## Entries shown
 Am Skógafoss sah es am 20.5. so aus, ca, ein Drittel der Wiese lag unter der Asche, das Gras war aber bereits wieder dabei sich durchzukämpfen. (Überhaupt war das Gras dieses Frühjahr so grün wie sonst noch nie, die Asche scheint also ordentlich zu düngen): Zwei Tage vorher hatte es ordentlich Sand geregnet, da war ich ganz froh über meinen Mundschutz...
--
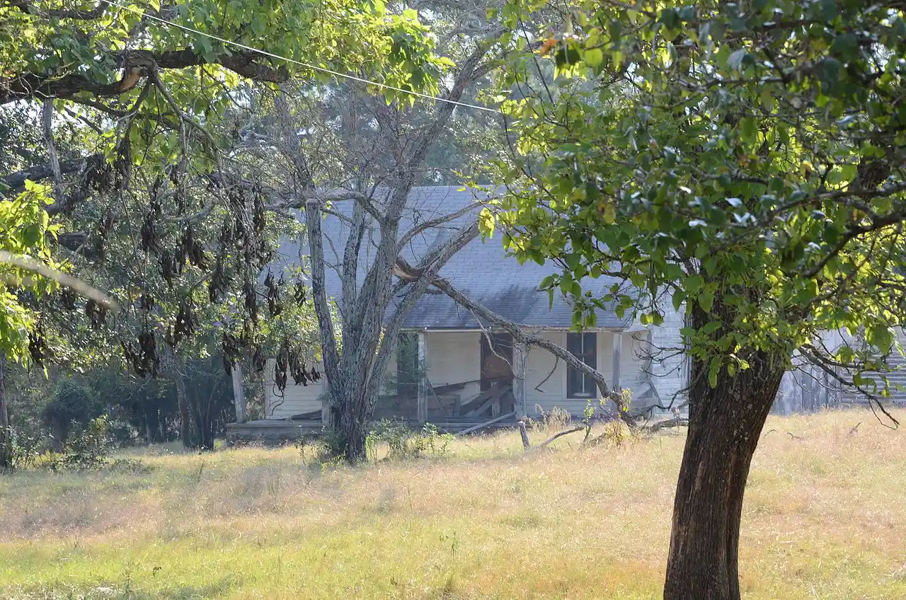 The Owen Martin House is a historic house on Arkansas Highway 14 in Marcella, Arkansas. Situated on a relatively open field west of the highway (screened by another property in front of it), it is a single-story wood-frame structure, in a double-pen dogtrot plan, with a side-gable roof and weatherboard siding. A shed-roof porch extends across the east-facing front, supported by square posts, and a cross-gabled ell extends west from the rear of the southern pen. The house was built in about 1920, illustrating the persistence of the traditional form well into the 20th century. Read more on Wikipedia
--
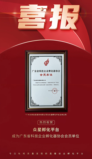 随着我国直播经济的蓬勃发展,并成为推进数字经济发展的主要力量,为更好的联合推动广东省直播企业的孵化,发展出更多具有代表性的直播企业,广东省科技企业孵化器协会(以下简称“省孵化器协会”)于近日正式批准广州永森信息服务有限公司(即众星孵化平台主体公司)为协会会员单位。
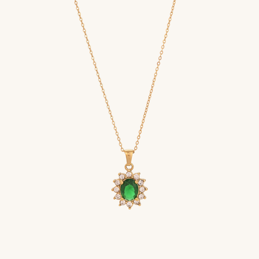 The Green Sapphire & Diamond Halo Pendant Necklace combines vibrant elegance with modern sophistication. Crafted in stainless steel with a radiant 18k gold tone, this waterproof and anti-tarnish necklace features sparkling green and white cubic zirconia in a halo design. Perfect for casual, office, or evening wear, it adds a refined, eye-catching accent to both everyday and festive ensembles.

## Exercise description
Copy out exactly the lines above beginning with the line that contains "随着我国直播经济的蓬勃发展,并成为推进数" and finishing with the line that contains "The Green Sapphire", including both; leave the pictures out.

## The completed task
 随着我国直播经济的蓬勃发展,并成为推进数字经济发展的主要力量,为更好的联合推动广东省直播企业的孵化,发展出更多具有代表性的直播企业,广东省科技企业孵化器协会(以下简称“省孵化器协会”)于近日正式批准广州永森信息服务有限公司(即众星孵化平台主体公司)为协会会员单位。
 The Green Sapphire & Diamond Halo Pendant Necklace combines vibrant elegance with modern sophistication. Crafted in stainless steel with a radiant 18k gold tone, this waterproof and anti-tarnish necklace features sparkling green and white cubic zirconia in a halo design. Perfect for casual, office, or evening wear, it adds a refined, eye-catching accent to both everyday and festive ensembles.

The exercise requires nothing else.